Per IRS Publication 596 Earned Income Credit (EIC), page 8:

Income That Is Not Earned Income

Examples of items that aren't earned income include interest and dividends, pensions and annuities, social security and railroad retirement benefits (including disability benefits), alimony and child support, welfare benefits, workers' compensation benefits, unemployment compensation (insurance), nontaxable foster care payments, and veterans' benefits, including VA rehabilitation payments. Do not include any of these items in your earned income.

Earnings while an inmate. Amounts received for work performed while an inmate in a penal institution aren't earned income when figuring the earned income credit. This includes amounts for work performed while in a work release program or while in a halfway house. 

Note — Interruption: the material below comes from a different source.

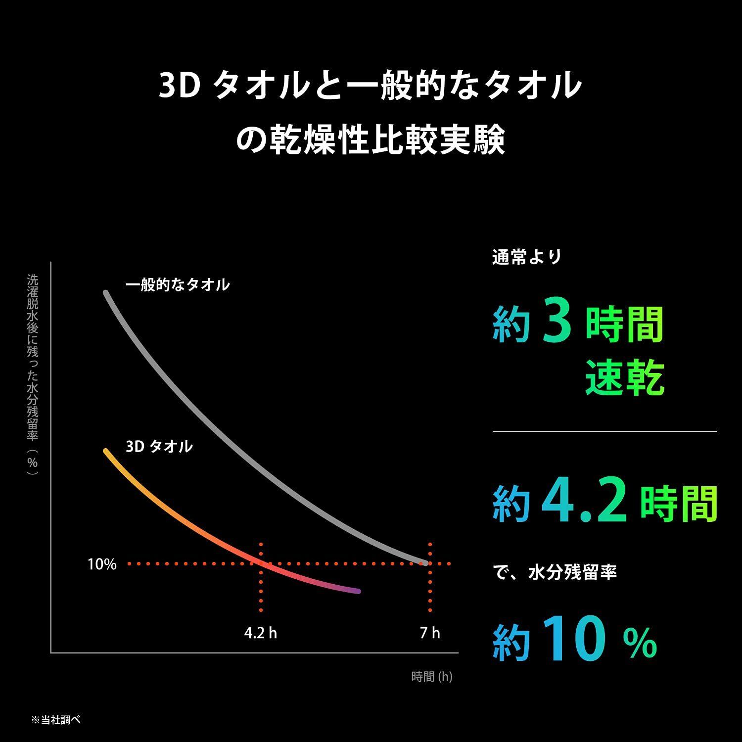 【速乾≠薄っぺらい】これまで、吸水性や速乾性を求めたタオルは、ポリエステル素材の独特なまとわりつくような肌触りを持つもの、または、薄手のタオルにするといった方法が一般的であり、なにかを犠牲にしなければ高い吸水性や速乾性は両立できませんでした。そこで我々タオル研究所は、タオルとして本来の技術向上を目標とし、柔らかいタオルならではの風合いを維持したまま、吸水性・速乾性を持ち合わせるタオルを消費者の方へ届けたいと考え、従来品と一線を画す、この[スピードドライ 3D]#009シリーズを開発しました。

Workfare payments. Nontaxable workfare payments aren't earned income for the EIC. These are cash payments certain people receive from a state or local agency that administers public assistance programs funded under the federal Temporary Assistance for Needy Families (TANF) program in return for certain work activities such as (1) work experience activities (including remodeling or repairing public housing) if sufficient private sector employment is not available, or (2) community service program activities.

Community property. If you are married, but qualify to file as head of household under special rules for married taxpayers living apart (see Rule 3), and live in a state that has community property laws, your earned income for the EIC doesn't include any amount earned by your spouse that is treated as belonging to you under those laws. That amount isn't earned income for the EIC, even though you must include it in your gross income on your income tax return. Your earned income includes the entire amount you earned, even if part of it is treated as belonging to your spouse under your state's community property laws.

Nevada, Washington, and California domestic partners. If you are a registered domestic partner in Nevada, Washington, or California, the same rules apply. Your earned income for the EIC doesn't include any amount earned by your partner. Your earned income includes the entire amount you earned. For details, see Publication 555.

Conservation Reserve Program (CRP) payments. If you were receiving social security retirement benefits or social security disability benefits at the time you received any CRP payments, your CRP payments aren't earned income for the EIC.

Nontaxable military pay. Nontaxable pay for members of the Armed Forces isn't considered earned income for the EIC. Examples of nontaxable military pay are combat pay, the Basic Allowance for Housing (BAH), and the Basic Allowance for Subsistence (BAS). See Publication 3 Armed Forces' Tax Guide for more information.

TIP: Combat pay. You can elect to include your nontaxable combat pay in earned income for the EIC.